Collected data
= Beginning of Section =
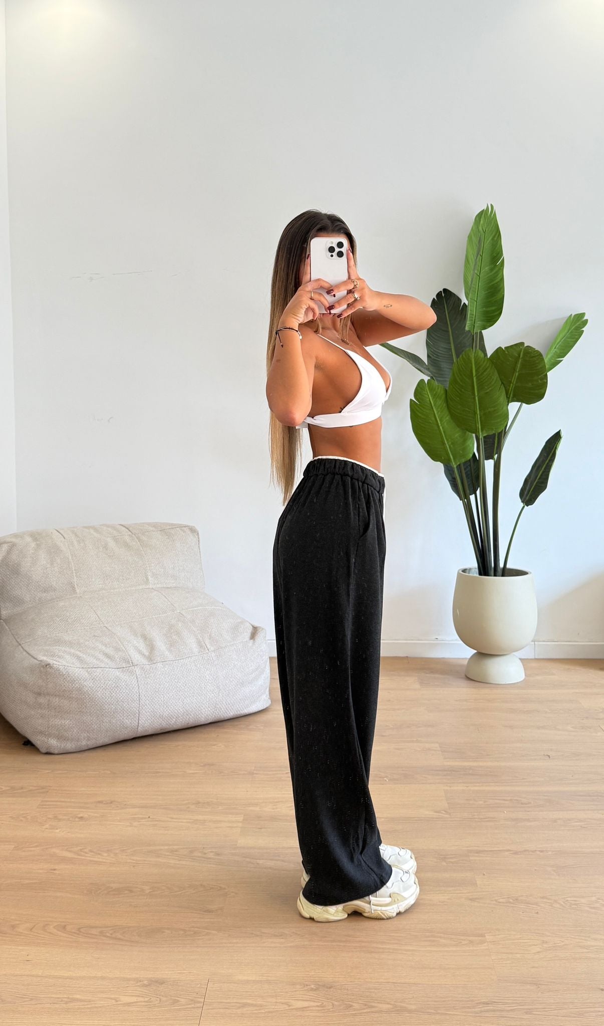 Pantatuta da donna gamba larga con elastico in vita interno e laccio regolabile e veste regolarmente la propria taglia e la modella indossa taglia S
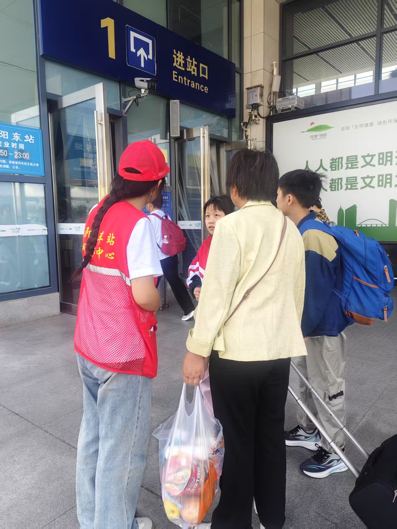 为进一步弘扬志愿服务精神,协助信阳高铁东站工作人员为乘客们提供暖心服务,信阳学院文学院志愿服务队于“五一”劳动节期间在信阳高铁东站开展了志愿服务活动。
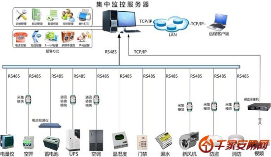 如下圖所示:各動力設(shè)備智能通訊口(RS232/RS422/RS485)或許增加的收集模塊經(jīng)過工程布線引至工控機(jī)(運(yùn)行動力監(jiān)控系統(tǒng)收集程序的電腦),由工控機(jī)完結(jié)協(xié)議解說及數(shù)據(jù)處置。
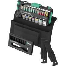 Cykelverktygssats med spärrhandtag, bits, hylsor och ett bitshandtag i superkompakt Tool-Check. Perfekt som universallösning för en mängd olika skruvningstillämpningar. Bitshandtag av hög kvalitet med Kraftform Plus-grepp för bekvämt ergonomiskt arbete, utan blåsor och valkar. Hårda greppzoner för hög arbetshastighet, mjuka greppzoner för hög momentöverföring. Bitsspärrhandtag för snabbt arbete när skruvning med maskin eller konventionellt handverktyg inte är möjligt på grund av utrymmesbrist. Växla snabbt från vänster- till högerrotation och vice versa med omkopplingsspaken. Snabb rotation (med tummen) via räfflingen på spärrhuvudet. Enkel hantering med bara en hand. Ergonomiskt spärrhuvud/-handtag: Kraftform-geometri med perfekt formade anliggningsytor för fingrarna. Den direkta bitsfattningen i spärrhuvudet gör verktyget utpräglat lågt och det kan användas vid låga arbetshöjder. Liten returvinkel på 6° för precist arbete. Robust sänksmitt helstålsutförande. Moment över 65 Nm. Bitshållaren Rapidaptor med frihjulshylsa: Kan användas som förlängning, för blixtsnabba bitsbyten utan behov av hjälpverktyg, även de minsta bitsstorlekarna, med bara en hand. Bits (BTZ) med BiTorsion-zon för avfjädring ab belastningstoppar för universell användning. Seghärdade bits (Z) för universell användning. Hand- och maskinhylsor för så gott som alla tillämpningar. Med verktygsväljare Take it easy, med färgkodning efter storlek - för enkelt och snabbt val av rätt verktyg. Enkel att greppa, även med oljiga händer. Med kulspärrspår. För sexkantsskruvar och -muttrar. Av mattförkromat krom-vanadin-stål. Med glasfiberarmerade däckavtagare kan däcken enkelt lossas från fälgen utan att fälgen skadas. På turen kan ett urval verktyg tas med i den medföljande Bit-Check. Med robust verktygsfodral.
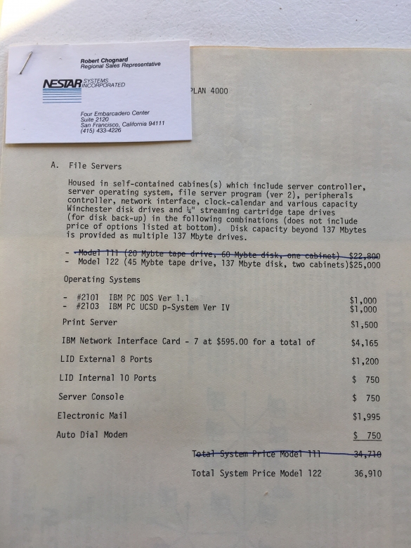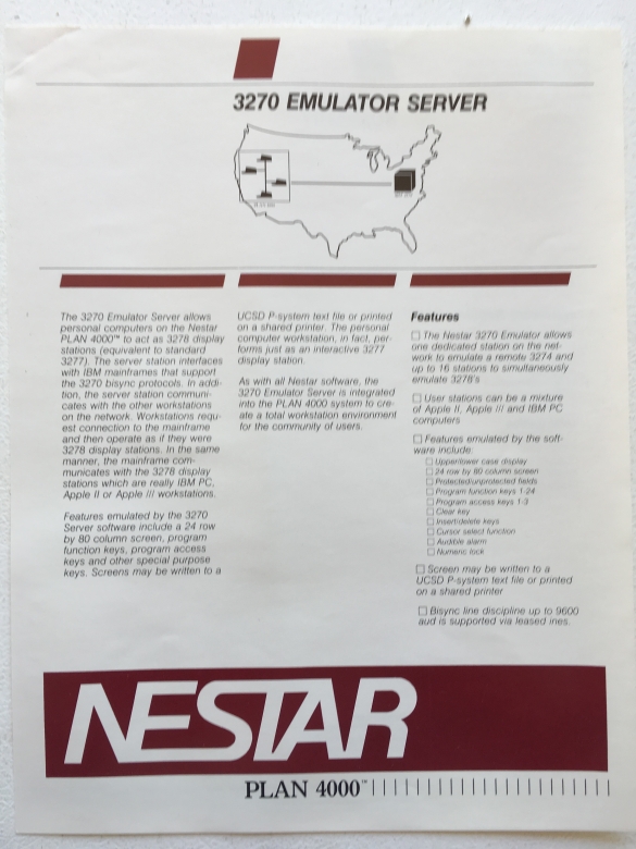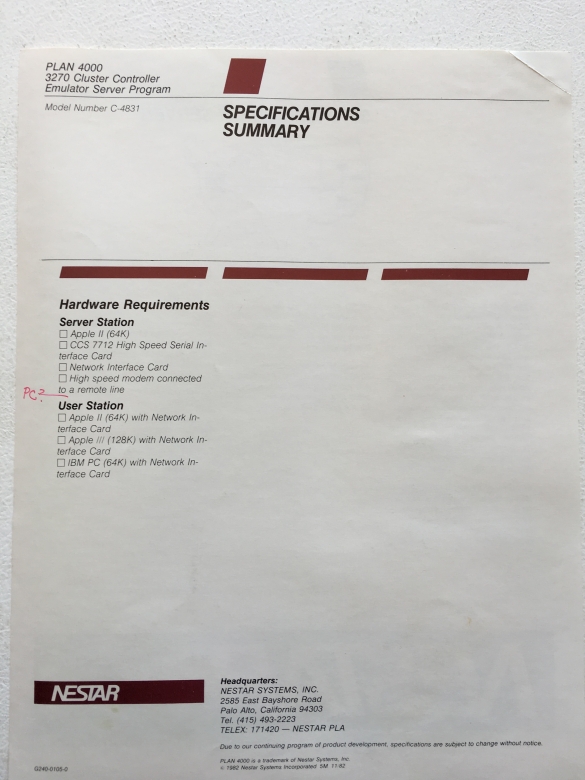 Nestar Plan 4000 3270 Cluster Controller Spec Summary
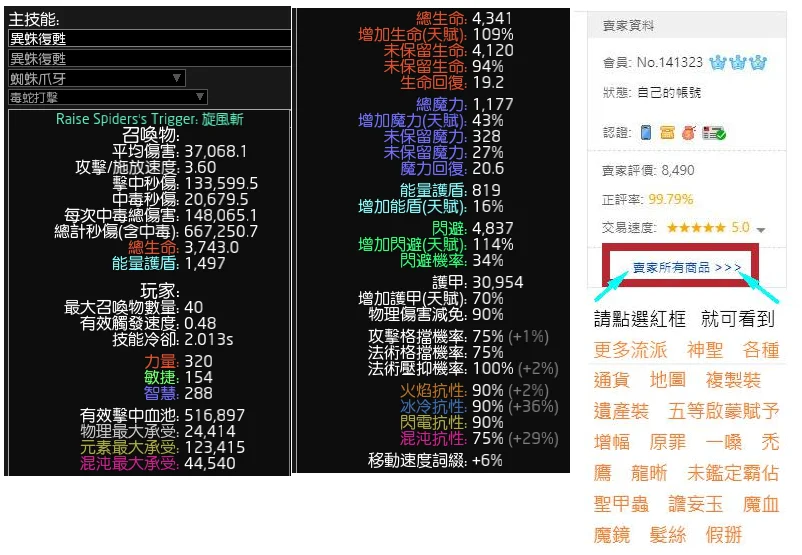 2.我賣的流派(不包含小資)有3大保證 A.滿暴擊滿命中(除了不用暴擊或命中的流派) B.如果有用魔血的話 功能藥劑後綴保證T1詞(暴擊-全抗-攻速施速-閃避護甲-跑速這些等等)+洗好點燃石效果 C.附上POB數據 讓你核對裝備 安心有保障
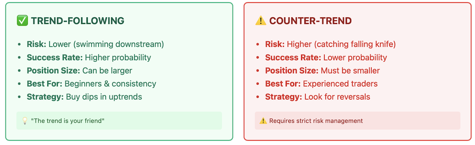 The fundamental difference between trend-following and counter-trend trading is the fact that trend-following allows you to increase position size, as you are trading with the odds in your favor, while counter-trend trading requires smaller position size because it is much riskier. No matter how strong a trade setup looks, never put too much risk on a trade.
= End of Section =
WHAT YOU SHOULD DO:
From the records above, copy only the lines running from the line holding "为进一步弘扬志愿服务精神,协" through the line holding "如下圖所示:各動力設(shè", with no pictures.

SOLUTION FOR THIS EXERCISE:
 为进一步弘扬志愿服务精神,协助信阳高铁东站工作人员为乘客们提供暖心服务,信阳学院文学院志愿服务队于“五一”劳动节期间在信阳高铁东站开展了志愿服务活动。
 如下圖所示:各動力設(shè)備智能通訊口(RS232/RS422/RS485)或許增加的收集模塊經(jīng)過工程布線引至工控機(jī)(運(yùn)行動力監(jiān)控系統(tǒng)收集程序的電腦),由工控機(jī)完結(jié)協(xié)議解說及數(shù)據(jù)處置。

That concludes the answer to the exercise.